From the listing below, restate word for word the lines from the line containing "Mini Elder Futhark" down through the line containing "- Rabat à l’extrémité". Exclude pictures.

■ Listed records ■
○ ○ ○ ○ ○ ○ ○
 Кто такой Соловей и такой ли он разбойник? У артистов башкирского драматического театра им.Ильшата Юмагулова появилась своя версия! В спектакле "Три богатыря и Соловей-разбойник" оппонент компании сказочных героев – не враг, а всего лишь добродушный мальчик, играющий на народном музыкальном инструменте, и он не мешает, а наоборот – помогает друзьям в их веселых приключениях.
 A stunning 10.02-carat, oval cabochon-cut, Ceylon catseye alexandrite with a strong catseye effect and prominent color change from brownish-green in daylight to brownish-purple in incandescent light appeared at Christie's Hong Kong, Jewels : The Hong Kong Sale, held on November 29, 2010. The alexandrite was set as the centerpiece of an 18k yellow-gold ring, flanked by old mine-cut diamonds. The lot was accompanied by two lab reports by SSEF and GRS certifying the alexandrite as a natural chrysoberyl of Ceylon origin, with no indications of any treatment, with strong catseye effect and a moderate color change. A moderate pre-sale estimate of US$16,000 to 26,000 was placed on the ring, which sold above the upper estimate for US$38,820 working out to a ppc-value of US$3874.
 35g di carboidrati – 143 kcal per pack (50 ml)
○ ○ ○ ○ ○ ○ ○
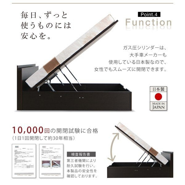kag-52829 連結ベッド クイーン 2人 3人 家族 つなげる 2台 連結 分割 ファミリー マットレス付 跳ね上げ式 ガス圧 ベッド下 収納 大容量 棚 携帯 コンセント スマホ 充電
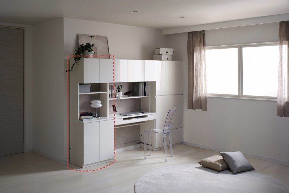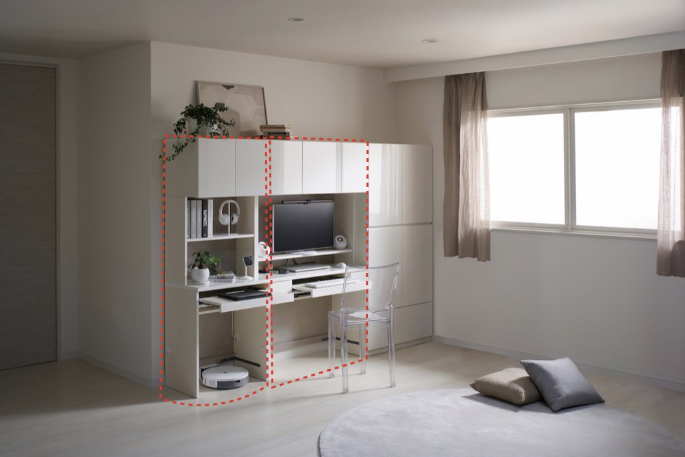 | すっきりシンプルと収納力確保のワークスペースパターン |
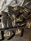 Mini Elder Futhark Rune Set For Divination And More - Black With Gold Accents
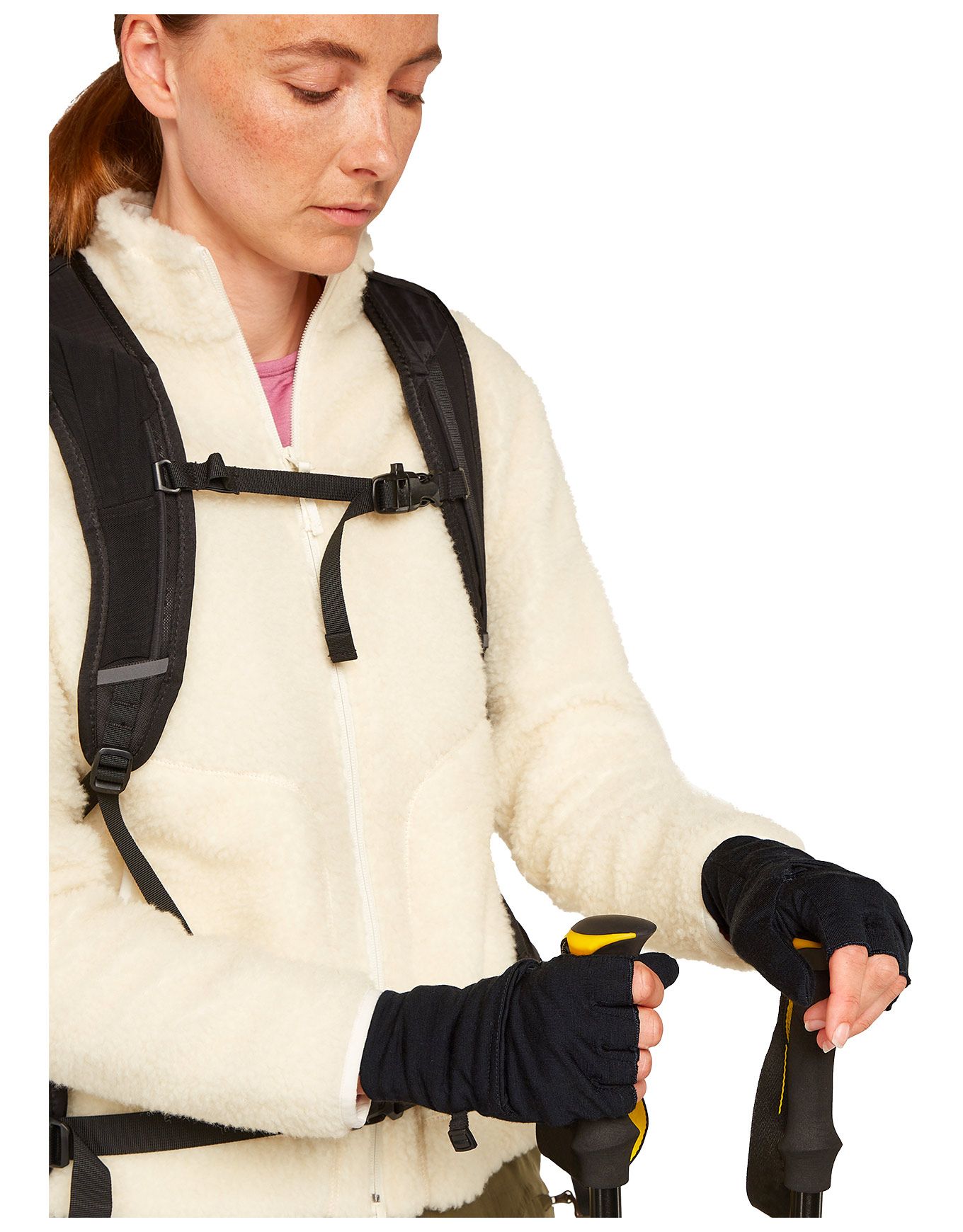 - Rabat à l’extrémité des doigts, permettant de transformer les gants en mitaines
○ ○ ○ ○ ○ ○ ○
■ Your solution ■
 Mini Elder Futhark Rune Set For Divination And More - Black With Gold Accents
 - Rabat à l’extrémité des doigts, permettant de transformer les gants en mitaines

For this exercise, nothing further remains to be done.